Он не поздоровался ни с женой, ни с нами. Стянул ушанку с высоких и жестких волос.
- Как раз сегодня мама и Николай Евдокимович испытывают новое приспособление. Очень забавное... - поспешил сообщить я. Потому что он просил меня вовремя об этом сказать.
- Знаю, - ответил лапа Кузя. И резким движением левого плеча сбросил шинель. - Платформы пришли.
- Мы пути расчищали, - сказал Олег.
- Молодцы, - машинально похвалил он.
- А что случилось? - спросила Вера Дмитриевна.
- Что случилось?!
Он стукнул правой рукой по столу. Все притихли. И даже сестры не посмели заплакать.
- Что, Кузьма? - повторила она.
- Трос не выдержал. Лопнул... И там, на платформе, инженера Елизарова...
- Ударило? - шепотом спросил я.
- Но со страшной силой. Со страшной!
- А что с ним сейчас? С Николаем Евдокимовичем?..
- Был жив.
- А... мама?
- Она стояла внизу.
Кузьма Петрович подошел и положил свою руку на мою.
- Стояла внизу. Ты веришь мне?
- Да.
- Ас Елизаровым плохо...
Он отошел.
- И куда же его отправили? - четко произнося слова, спросила Вера Дмитриевна.
- Советовались... Решили к вам в госпиталь. Поскольку недалеко... Я был за это.
- Ну, я пойду, - сказала Вера Дмитриевна.
И ужас, перехвативший горло, немного отпустил меня.
- Мне пора, - сказала она.
13
После операции Николая Евдокимовича положили не в общую палату, а в комнату старшей медсестры. Так устроила Вера Дмитриевна.
- Он смертельно ранен, - сказала она. - Но и смертельно раненные иногда выживают. Случаются чудеса.
Нас с мамой пустили к нему.
Запах госпиталя проникал и туда: запах крови, открытых ран, гноя, лекарств.
Вера Дмитриевна забегала каждые пятнадцать минут. В белом халате мать Олега казалась еще более полной, но двигалась почти беззвучно. Она действовала: проверяла пульс, поправляла подушку, делала уколы. И появлялась надежда... Хотя говорила она только правду. Говорила так тихо, что даже стены не слышали.

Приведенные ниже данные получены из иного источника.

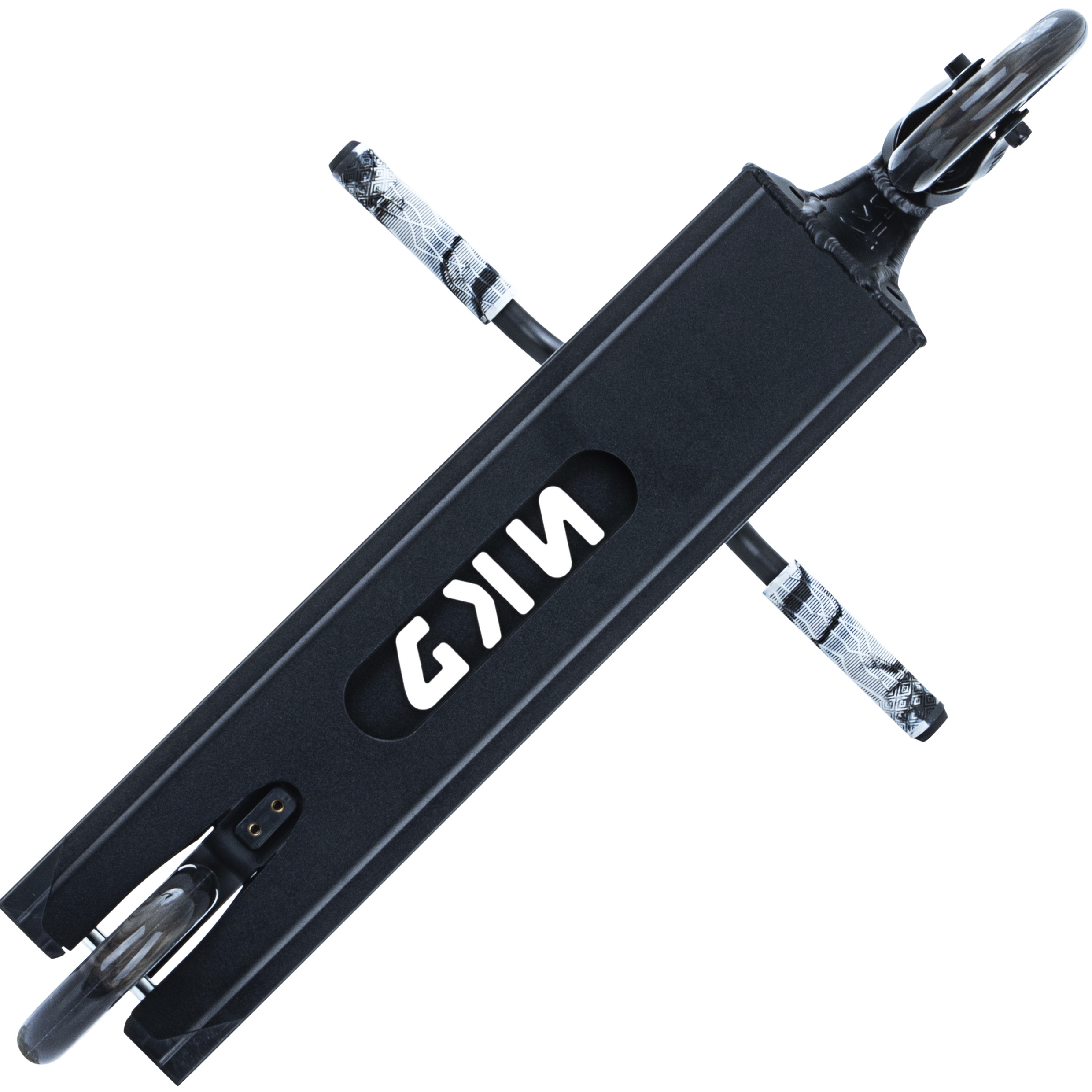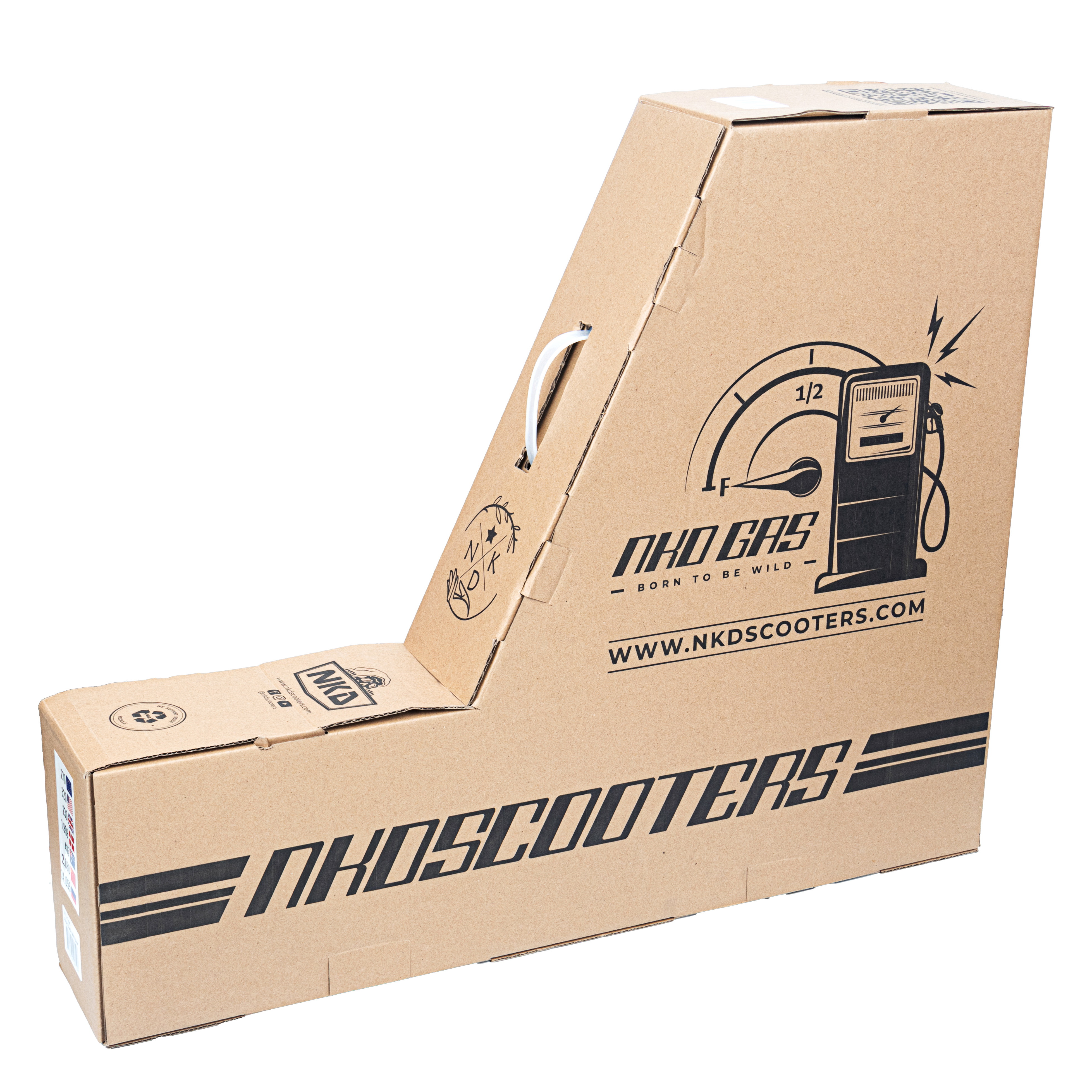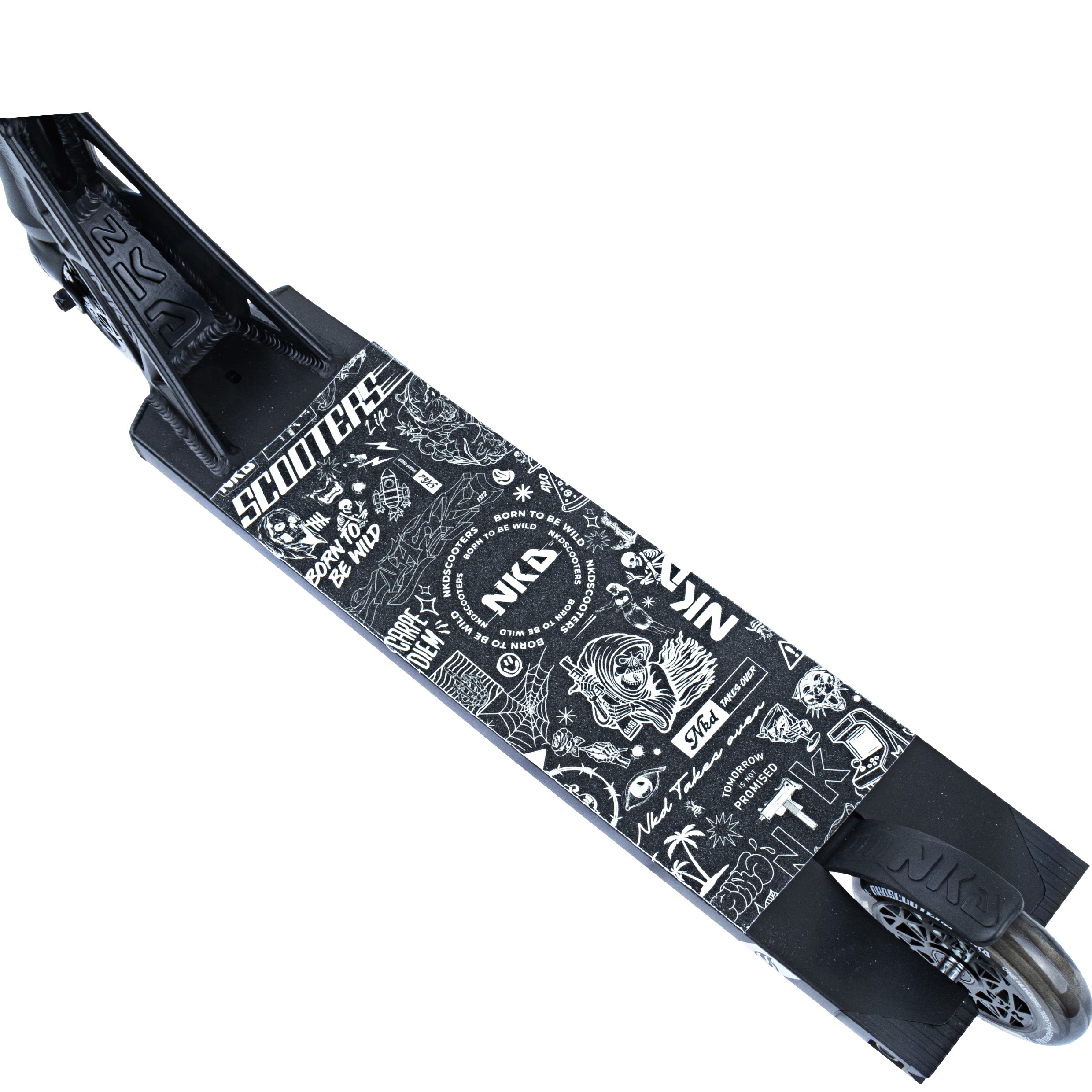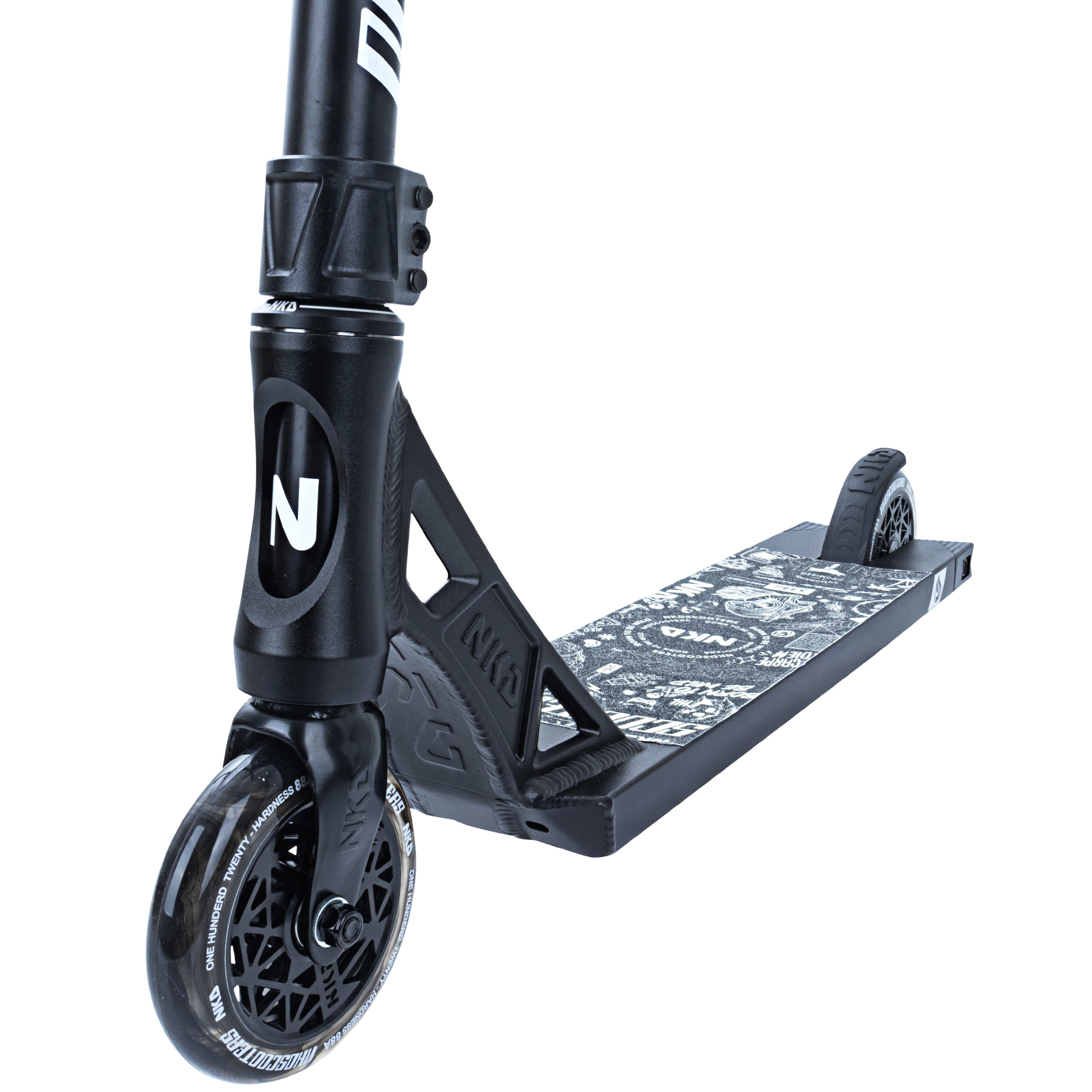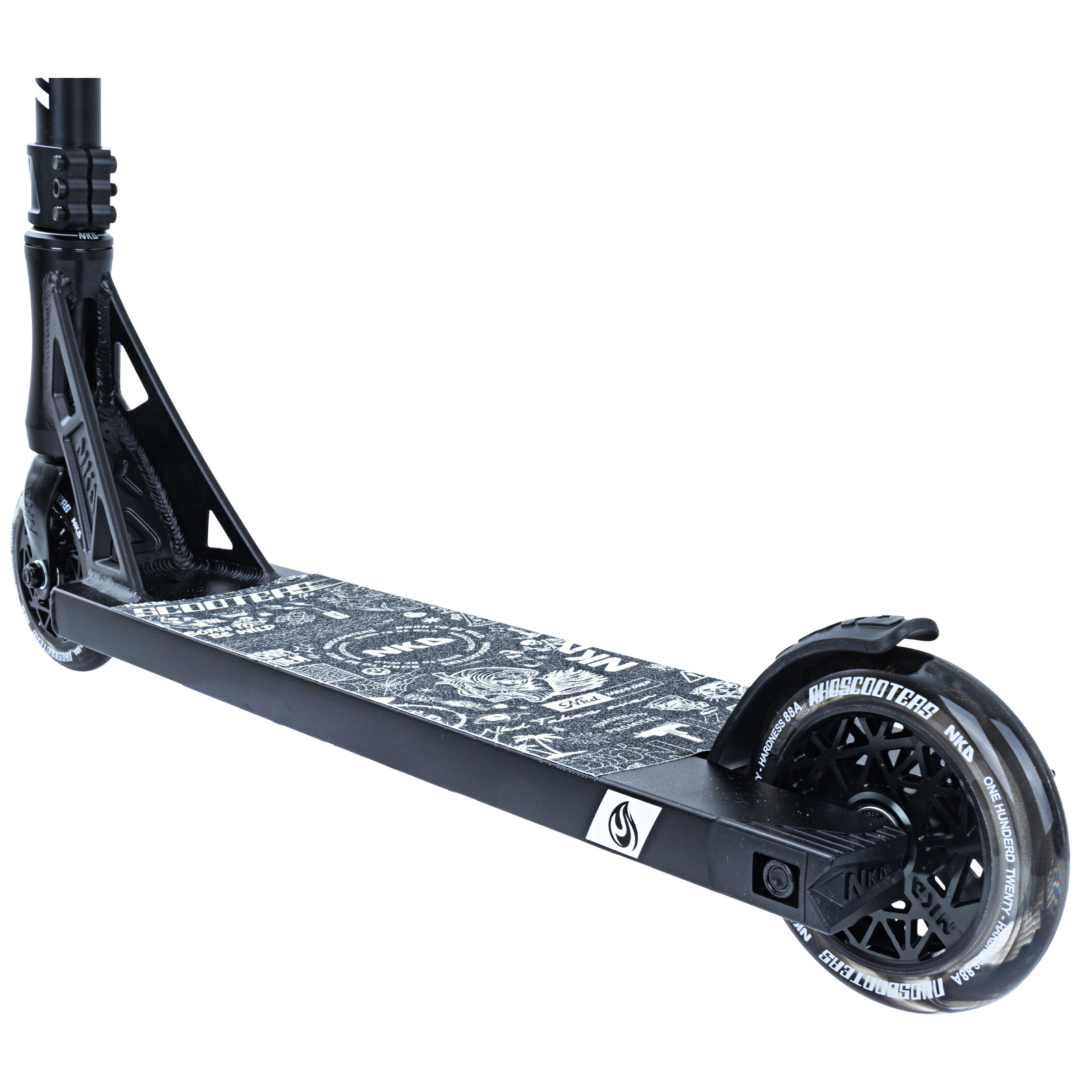 Dette komplette trick løbehjul er bygget op omkring NKD Gas decket 12cm x 50cm (4.7” x 19.7”). Med boxcut end-plugs og flotte store headtube udskæringer følger decket de seneste modetrends indenfor løbehjul. ‘Gas’ decket er den ihærdige lillebror til UFO decket fra NKD-scooters. Dette kan tydeligt ses med den nye unikke neck med æstetiske linjer og et råt look! Setuppet byder på den klassiske NKD Signature forgaffel som holdes sammen af et solidt HIC-kompressions system. Baren er en Y-bar med en tværgående forstærker. Løbehjulet er fast plantet til jorden med NKD’s nye super lette hollow core hjul med edderkoppe-lignende design (NKD™ Black Widow) - diameter 120mm for og bag. Setuppet toppes af med et solidt greb om de populære NKD Shadow grips.

- Все отбито внутри... Все отбито, - одними губами сообщила она.
Когда Подкидыш очнулся, он попросил, чтоб ему вернули очки. Наверно, думал, что сквозь толстые стекла не будет видно, как он страдает.
- Боль должна быть невыносимая, - опять одними губами проговорила Вера Дмитриевна. И сделала Николаю Евдокимовичу еще какой-то укол.
- Теперь станет легче.
Он заснул. Внутри у него что-то скрежетало, переворачивалось. Странно... но это нас успокаивало: мы вроде бы с ним общались, прислушивались к нему.
Двигаться по комнате мы не имели права. Я сидел на белой табуретке, а мама стояла.
Один раз Николай Евдокимович, вновь очнувшись, подозвал нас и прошептал:
- Мне очень... вас жалко...
- Ты... наш дорогой! - ответила мама.
Никогда прежде она не называла его на "ты". Услышав в этом отчаяние, Подкидыш захотел улыбнуться.
- "Учитесь... властвовать собой", - тихо посоветовал он. Или, верней сказать, попросил.
К вечеру в палату вошел милиционер в накинутом на форму халате. Я не мог определить его чина.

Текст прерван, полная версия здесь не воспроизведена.